Queen Bee Users Guide
Table of Contents
- Logon to Queen Bee via GSISSH using TeraGrid certificates
- Setting up your environment for TeraGrid users.
- Logon to Queen Bee via SSH for LONI users
- Setting up your environment for LONI users
- Creating home and work directories
- Changing your password and shell
- Compiling on Queen Bee
- Running on Queen Bee
- Commands for Monitoring
- Queue limits and descriptions
- Job queuing priority
- Using NCSA Archival Storage
Logon to Queen Bee via GSISSH using TeraGrid certificates
For TeraGrid users, you can access Queen Bee system at login1-qb.loni-lsu.teragrid.org or queenbee.loni-lsu.teragrid.org by using your TeraGrid Certs via gsissh. On any TeraGrid resource or a non-TeraGrid resource that supports myproxy and gsissh with a fairly recent Globus (4.0.1 and later) installation, you can run:
$ myproxy-logon -l-s myproxy.teragrid.org Enter MyProxy pass phrase:
Note: Please replace
After your credential has been received, you can execute the following to logon to Queen Bee:
$ gsissh login1-qb.loni-lsu.teragrid.org
SSH Keys
SSH is used to enable communication with the various nodes, and thus must function correctly to enable parallel process. For this reason you should be careful about modifying anything in your ~/.ssh directory. If you ever need to reset your ssh keys, use the following commands (Note: accept the default file, answer "y" to Overwrite and use an empty passphase):$ cd ~/.ssh $ ssh-keygen -t dsa Generating public/private dsa key pair. Enter file in which to save the key (/home/username/.ssh/id_dsa): /home/username/.ssh/id_dsa already exists. Overwrite (y/n)? y Enter passphrase (empty for no passphrase): Enter same passphrase again: Your identification has been saved in /home/username/.ssh/id_dsa. Your public key has been saved in /home/username/.ssh/id_dsa.pub. The key fingerprint is: 55:66:77:cc:aa:66:bb:aa:33:ff:bb:bb:33:66:88:44 username@qb1.loni.org
Return to top of page
Setting up your environment for TeraGrid users.
Queen Bee is one of the TeraGrid systems that uses Softenv as the default method for setting up user environments. TeraGrid users may active the modules method, provided as part of the TeraGrid Common User Environment, by placing a file named .nosoft in their home directories. On the next login, modules will be activated.
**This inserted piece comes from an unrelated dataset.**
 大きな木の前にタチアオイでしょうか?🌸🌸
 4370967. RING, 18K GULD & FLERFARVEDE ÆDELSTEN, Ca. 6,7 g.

Either modules or softenv will create a default environment.
By default, the TeraGrid .soft file contains:
# TeraGrid wide basic software suite @teragrid-basic # TeraGrid wide Globus 4 and Grid software suite @globus-4.0 # Platform recommended development software suite @teragrid-dev
If you edit this file, you can update your environment using
$ resoft
For those choosing to use modules, the TeraGrid .modules file contains:
module load default-teragrid # These lines enable elements of the TeraGrid Common User Environment. # Uncomment to activate. #module load cue-tg #module load cue-login-env #module load cue-build #module load cue-comm #module load cue-math
TeraGrid users are allowed to access Queen Bee via gsissh using the TeraGrid certificates only thus no password is needed for login. However, if you need a password to login Queen Bee using SSH, please request one using the password reset form found at https://allocations.loni.org/user_reset.php.
Return to top of page
Logon to Queen Bee via SSH
Queen Bee has two head nodes, qb1.loni.org and qb2.loni.org. You can login to one of them by connecting via ssh to any of the two. If you are a Windows user, you can find a good ssh client at here.
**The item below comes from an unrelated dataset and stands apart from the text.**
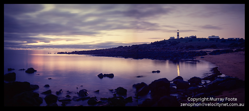 Here is the lighthouse and buildings after sunset. It stands at the head of the Tamar river, the main maritime access to Launceston, the main port in northern Tasmania.

It is essential that your SSH keys be set up properly, or it will be impossible to run parallel jobs. If you cannot freely ssh between Queen Bee nodes, you will not be able to get your parallel program to run thus need to reset your ssh key by using the following commands.
$ cd ~/.ssh $ ssh-keygen -t dsa $ cp -p id_dsa.pub authorized_keys
Queen Bee has 2 head nodes (qb1 and qb2) and 668 compute nodes (qb001 to qb668). You will compile your code on a headnode, and execute it on one or more compute nodes. The remainder of this tutorial will guide you through an example of executing a parallel job on the compute nodes.
Return to top of page
Setting up your environment for LONI users.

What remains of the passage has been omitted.